— GIVEN DATA —
>>

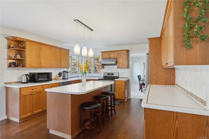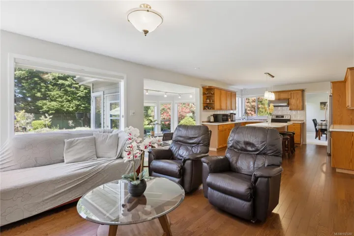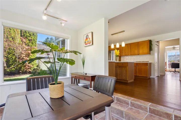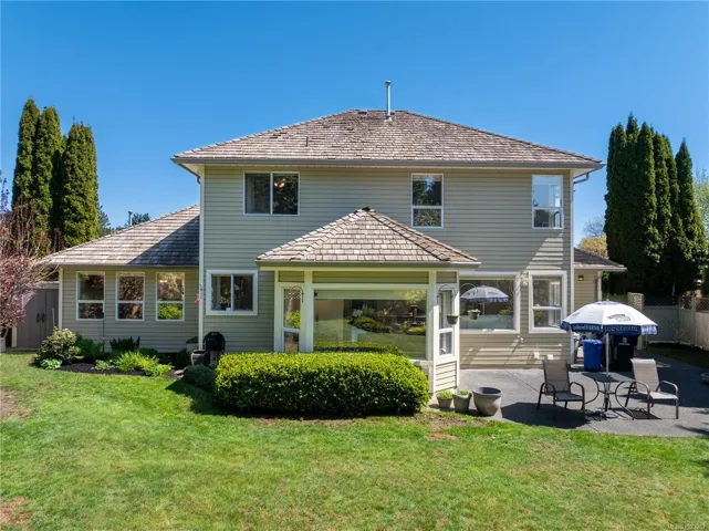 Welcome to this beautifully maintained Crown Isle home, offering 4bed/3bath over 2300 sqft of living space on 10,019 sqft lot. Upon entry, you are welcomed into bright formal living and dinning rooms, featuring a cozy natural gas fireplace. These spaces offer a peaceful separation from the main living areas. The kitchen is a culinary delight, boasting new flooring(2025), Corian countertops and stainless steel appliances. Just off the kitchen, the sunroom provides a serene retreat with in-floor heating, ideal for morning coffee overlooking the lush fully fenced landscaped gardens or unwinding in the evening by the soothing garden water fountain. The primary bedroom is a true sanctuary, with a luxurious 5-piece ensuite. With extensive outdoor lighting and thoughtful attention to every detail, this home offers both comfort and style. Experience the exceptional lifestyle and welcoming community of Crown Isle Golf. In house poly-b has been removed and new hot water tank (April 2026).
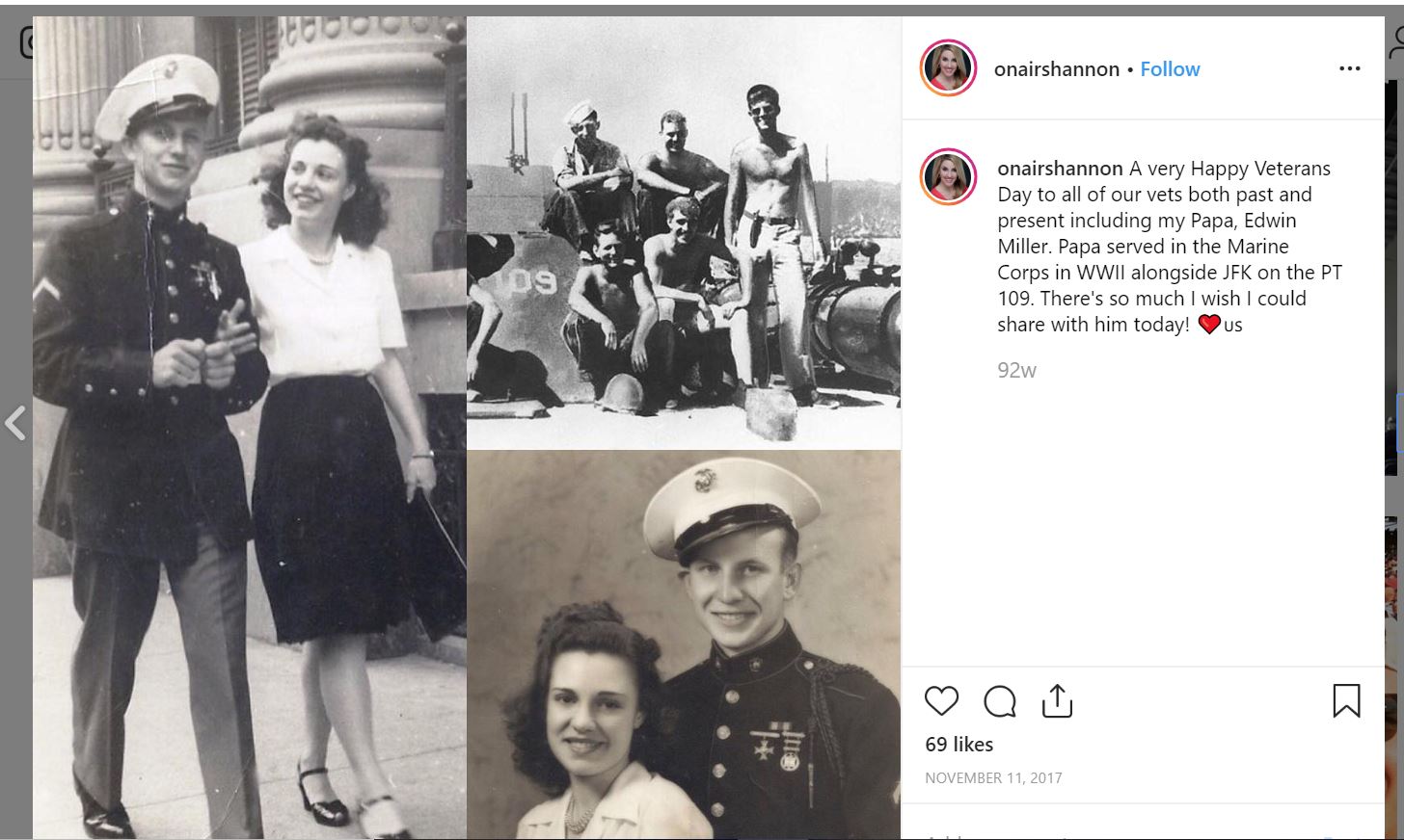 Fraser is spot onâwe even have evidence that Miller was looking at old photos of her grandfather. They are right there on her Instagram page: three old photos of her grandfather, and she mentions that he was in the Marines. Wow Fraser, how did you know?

<<
>>

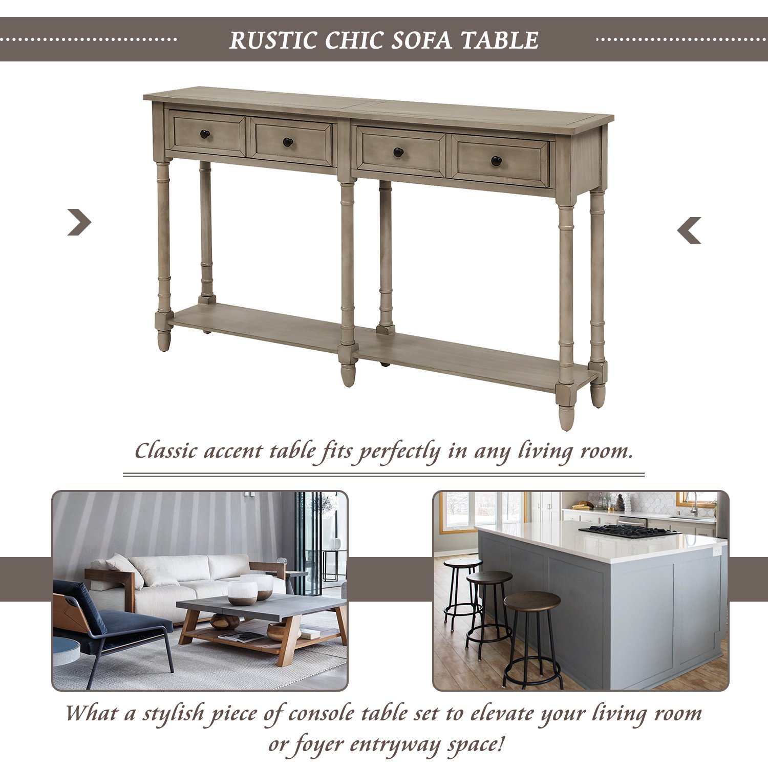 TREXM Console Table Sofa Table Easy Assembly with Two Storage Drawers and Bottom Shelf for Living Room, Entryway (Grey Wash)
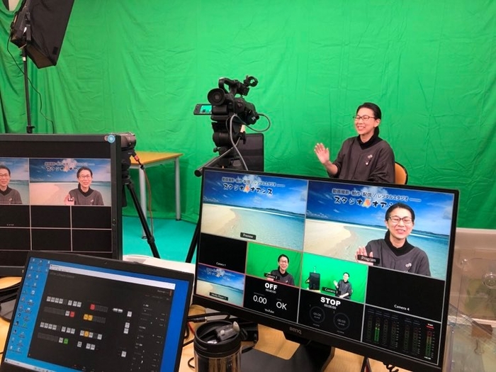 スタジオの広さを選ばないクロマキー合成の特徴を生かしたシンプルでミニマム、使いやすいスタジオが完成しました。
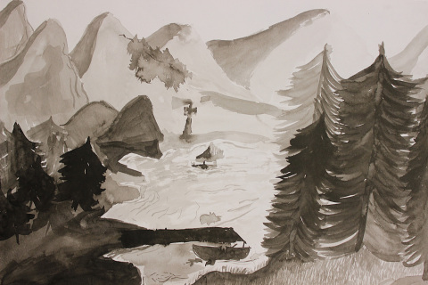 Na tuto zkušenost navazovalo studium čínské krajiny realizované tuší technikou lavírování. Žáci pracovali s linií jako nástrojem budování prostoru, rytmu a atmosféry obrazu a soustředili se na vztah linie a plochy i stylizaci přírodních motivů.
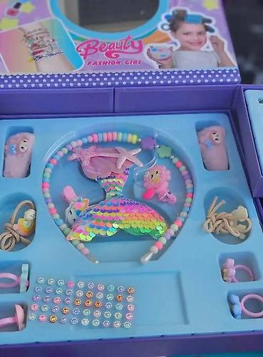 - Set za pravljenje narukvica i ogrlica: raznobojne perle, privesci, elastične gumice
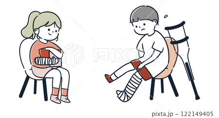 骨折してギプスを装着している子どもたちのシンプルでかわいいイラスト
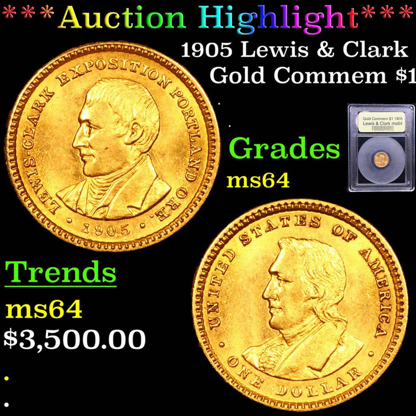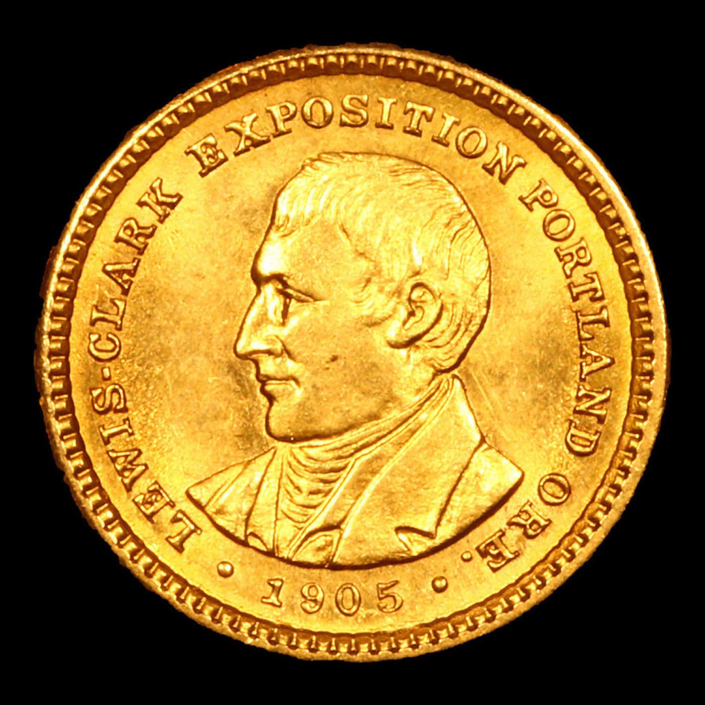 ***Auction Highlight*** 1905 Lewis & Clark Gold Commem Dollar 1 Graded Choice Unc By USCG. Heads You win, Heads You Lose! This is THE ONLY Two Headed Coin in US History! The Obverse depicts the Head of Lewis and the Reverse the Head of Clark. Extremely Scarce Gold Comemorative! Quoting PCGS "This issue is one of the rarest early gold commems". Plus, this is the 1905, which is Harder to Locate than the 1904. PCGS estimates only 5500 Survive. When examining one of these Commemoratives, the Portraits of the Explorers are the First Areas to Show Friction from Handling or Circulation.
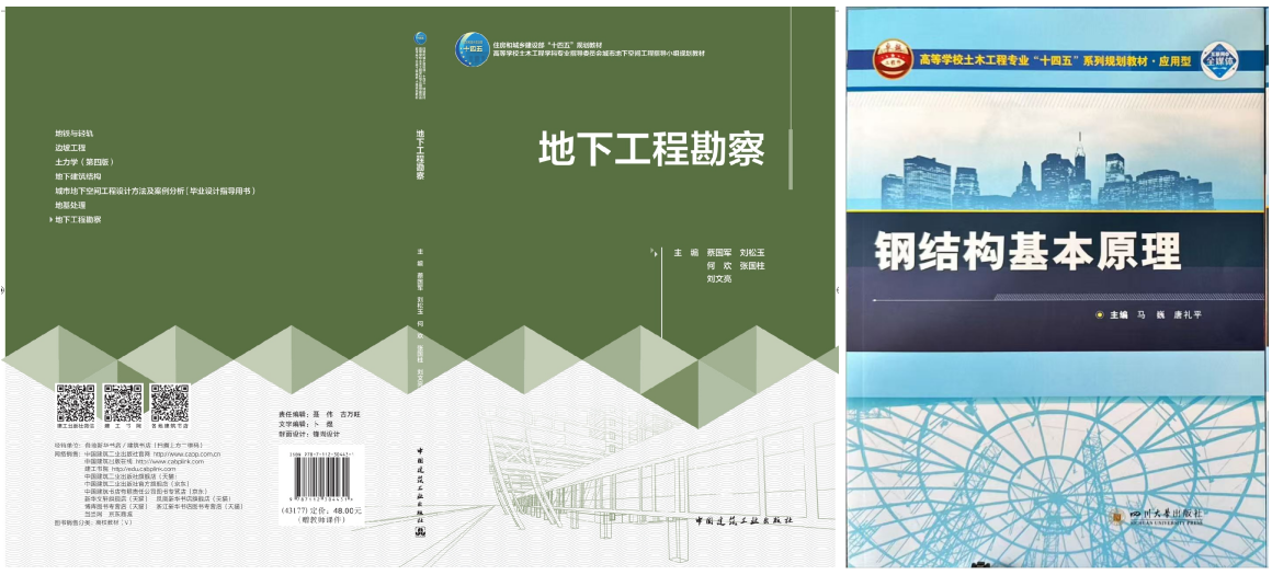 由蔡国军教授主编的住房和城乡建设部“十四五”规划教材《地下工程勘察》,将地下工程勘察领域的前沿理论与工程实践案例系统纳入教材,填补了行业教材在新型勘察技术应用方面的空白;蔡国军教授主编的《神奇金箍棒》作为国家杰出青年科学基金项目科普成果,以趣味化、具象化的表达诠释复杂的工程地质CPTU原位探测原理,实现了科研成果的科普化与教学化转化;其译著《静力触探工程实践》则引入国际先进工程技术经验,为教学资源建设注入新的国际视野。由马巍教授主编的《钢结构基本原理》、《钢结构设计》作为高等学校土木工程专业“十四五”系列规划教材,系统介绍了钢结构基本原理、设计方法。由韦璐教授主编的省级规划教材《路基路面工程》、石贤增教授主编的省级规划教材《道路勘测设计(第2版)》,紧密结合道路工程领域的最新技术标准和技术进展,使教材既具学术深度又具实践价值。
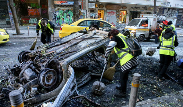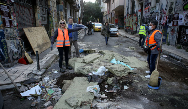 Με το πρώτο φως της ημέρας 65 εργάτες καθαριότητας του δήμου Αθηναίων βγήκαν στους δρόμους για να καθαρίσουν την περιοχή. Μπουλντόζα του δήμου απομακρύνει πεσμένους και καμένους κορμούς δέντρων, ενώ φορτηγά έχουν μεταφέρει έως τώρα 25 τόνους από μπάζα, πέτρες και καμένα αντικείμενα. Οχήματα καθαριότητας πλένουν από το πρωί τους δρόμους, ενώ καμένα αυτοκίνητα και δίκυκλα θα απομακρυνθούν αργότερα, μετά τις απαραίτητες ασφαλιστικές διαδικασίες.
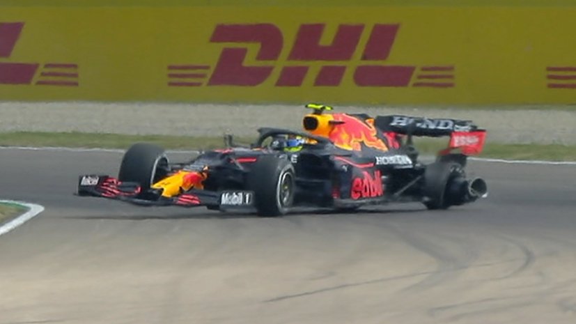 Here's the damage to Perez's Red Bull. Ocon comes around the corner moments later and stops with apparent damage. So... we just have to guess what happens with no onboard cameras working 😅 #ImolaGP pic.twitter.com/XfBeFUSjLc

<<

— WORK ORDER —
Exactly the lines above, from the one containing "Welcome to this" down to the one containing "Fraser is spot", are to be repeated, including both ends. Pictures are not part of the copy.

— ANSWER TO THIS EXERCISE —
 Welcome to this beautifully maintained Crown Isle home, offering 4bed/3bath over 2300 sqft of living space on 10,019 sqft lot. Upon entry, you are welcomed into bright formal living and dinning rooms, featuring a cozy natural gas fireplace. These spaces offer a peaceful separation from the main living areas. The kitchen is a culinary delight, boasting new flooring(2025), Corian countertops and stainless steel appliances. Just off the kitchen, the sunroom provides a serene retreat with in-floor heating, ideal for morning coffee overlooking the lush fully fenced landscaped gardens or unwinding in the evening by the soothing garden water fountain. The primary bedroom is a true sanctuary, with a luxurious 5-piece ensuite. With extensive outdoor lighting and thoughtful attention to every detail, this home offers both comfort and style. Experience the exceptional lifestyle and welcoming community of Crown Isle Golf. In house poly-b has been removed and new hot water tank (April 2026).
 Fraser is spot onâwe even have evidence that Miller was looking at old photos of her grandfather. They are right there on her Instagram page: three old photos of her grandfather, and she mentions that he was in the Marines. Wow Fraser, how did you know?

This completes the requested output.